King's Lynn had walls protected by a ditch, and the foundations were strengthened with constructional arches on the marshland side. There still remain considerable sections of walling, and the South gate of 1437, with its lofty portal, is well preserved after centuries of use.

On the eastern coast a Roman camp at the mouth of the Yare attested the early importance of a site which became the headquarters of the herring fishery, controlled for centuries by the Cinque Ports. The burgesses of Yarmouth secured from Henry III a charter to build a wall, which after many years of delay was begun. By the fourteenth century it stood complete with a circuit of one and a quarter miles, sixteen towers, and twelve portcullised gates. There remain to this day many fragments of walls, gateways and mural towers.

Roman York is described elsewhere (p. 795). Its mural defences, comparable with Chester's but less lofty, arose at the behest of Edward III on a mourd which represented post-Roman fortifications agairst Pict and Scot. Their circuit of 4,840 yards, greatly surpassing the 1,970 yards of the circumvallation of Eboracum, was preceded by an abbey walling under Henry III, of which two angle-towers remain. York still retains its principal gates; Monk Bar, the tallest, Walmgate Bar, with an Edwardian barbican, the Bootham Bar on the site of a Roman portal, and the Micklegate Bar. There are also a fourteenth-century postern, and others. Between the fourteenth-century brick Red Tower and the Layerthorpe Bridge lay an unwalled stretch where the Fosse, like the Wensum at Norwich, was protected by a river chain.

Newcstle grew up around the castle built by the Conqueror's eldest son.
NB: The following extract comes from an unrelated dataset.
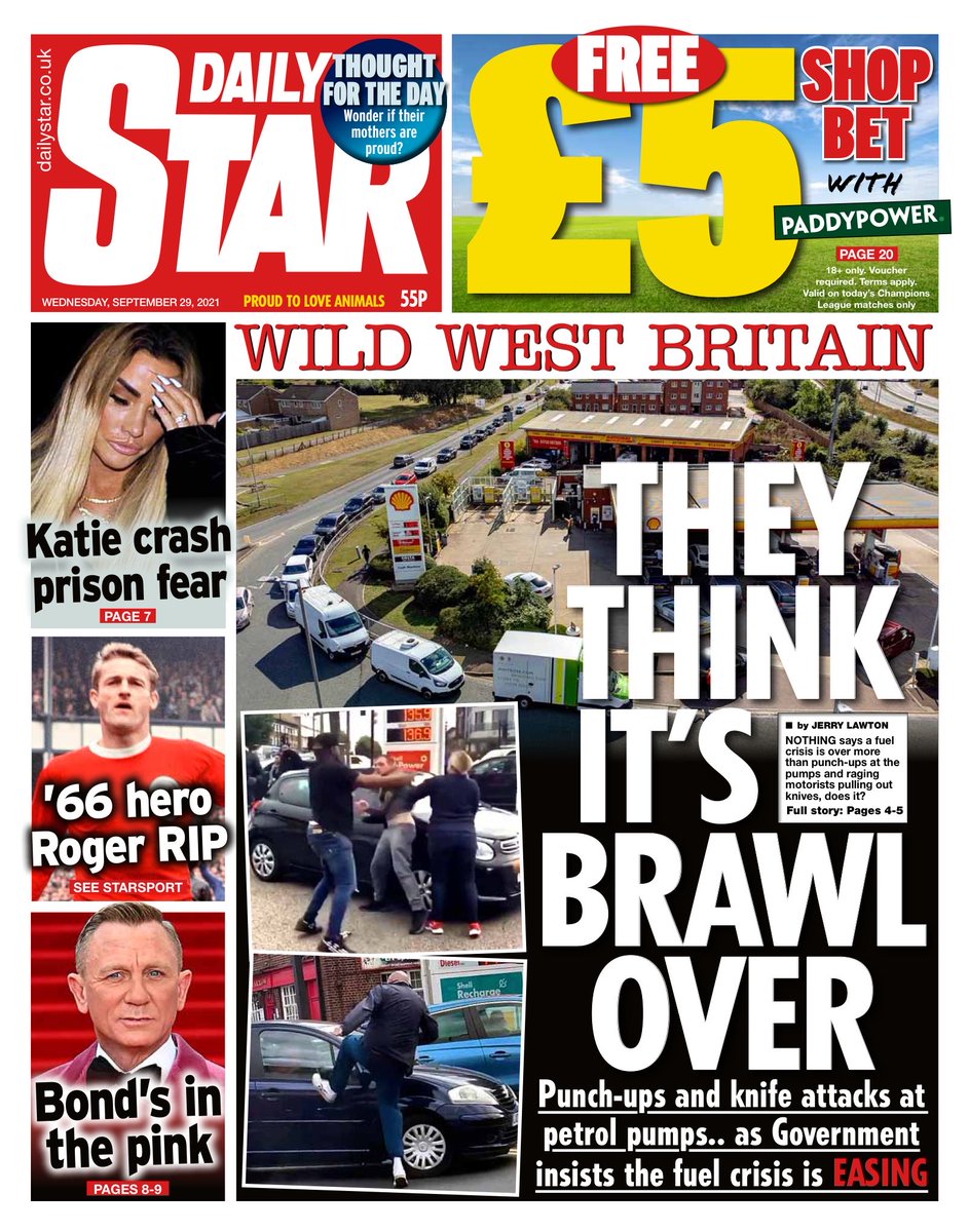 “They think it’s brawl over” says the Daily Star, which reports “punch-ups and knife attacks” on forecourts even as “government insists the fuel crisis is easing”.

This was replaced by the twelfth-century keep and the later Blackgate of the castle, both still standing. When the first Edward sanctioned a town wall he at first intended to use the fortified enclosure as a base, as was being done in the new castellated towns in Wales. But the line was afterwards replanned to open out a corridor to the quay, for readier access to the river traffic. Yet the proximity of the Scottish menace caused military considerations to prevail in the town walling. This may be seen in the solid square buttress-towers along the length of a furlong which remains in good preservation to this day.
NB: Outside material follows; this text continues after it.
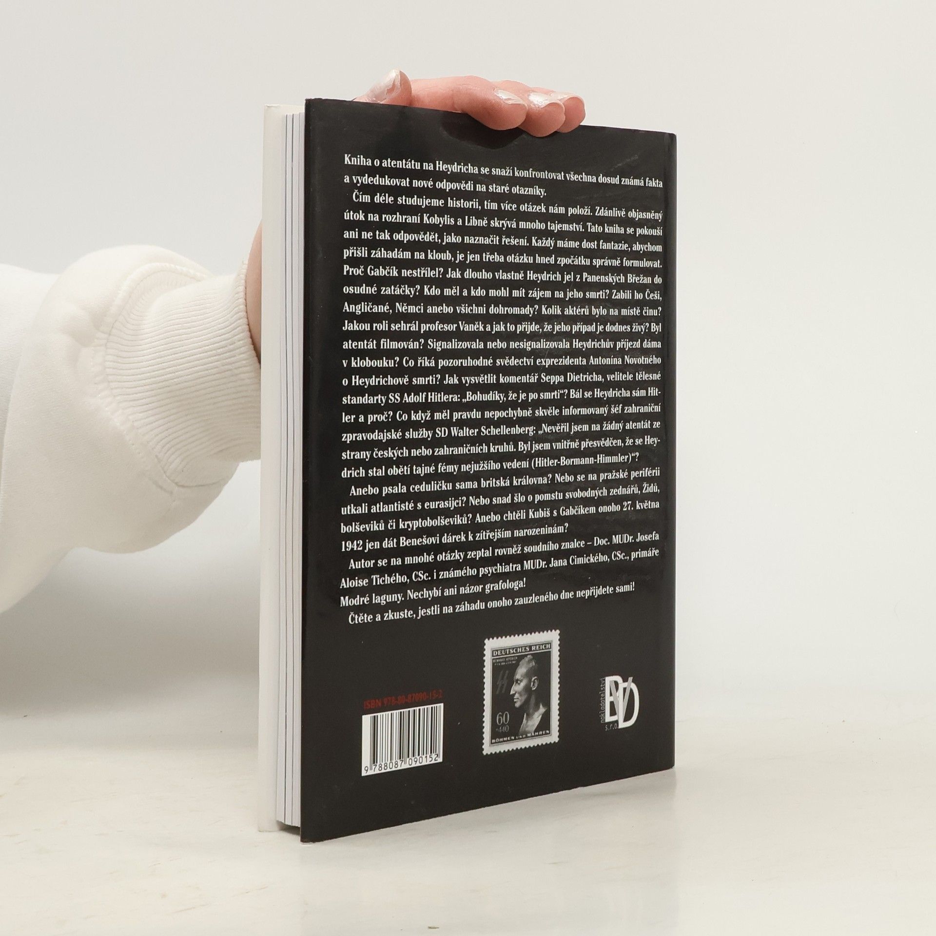 Kniha o atentátu na Heydricha se snaží konfrontovat známá fakta a vydedukovat nové odpovědi na staré otázky. Čím déle studujeme historii, tím více otázek se objevuje. Útok na rozhraní Kobylis a Libně skrývá mnohá tajemství. Kniha nenabízí definitivní odpovědi, ale naznačuje možná řešení. Proč Gabčík nestřílel? Jak dlouho trvala Heydrichova cesta z Panenských Břežan do osudné zatáčky? Kdo měl zájem na jeho smrti? Zabili ho Češi, Angličané, Němci, nebo všichni dohromady? Jaká byla přítomnost aktérů na místě činu? Jakou roli sehrál profesor Vaněk a proč je jeho případ stále aktuální? Bylo atentát filmováno? Jaký význam měla dáma v klobouku? Co říká svědectví exprezidenta Novotného o jeho smrti? Jak vysvětlit komentář Seppa Dietricha: „Bohudíky, že je po smrti“? Bál se Hitler Heydricha? Měl pravdu Walter Schellenberg, když nevěřil v atentát ze strany českých nebo zahraničních kruhů? Nebo se na pražské periferii utkali atlantisté s eurasijci? Autor se ptal i soudního znalce a psychiatra. Čtěte a zkuste sami přijít na kloub záhadě onoho dne!

A new spirit now animates most ancient borough corporations, fostered by enlightened public opinion. Under the Ancient Monuments Protection Acts the Office of Works have scheduled town walls, and parts of them, as well as town gates, in Canterbury, Southampton, Winchester, Chester, Lincoln, Norwich, Lynn, Yarmouth, York, Chepstow, Colchester, Rye and Winchelsea, together with Denbigh, Conway, Tenby, Carnarvon and Pembroke. It is fitting that these old walls, among the most interesting relics of the past in our land, should be preserved.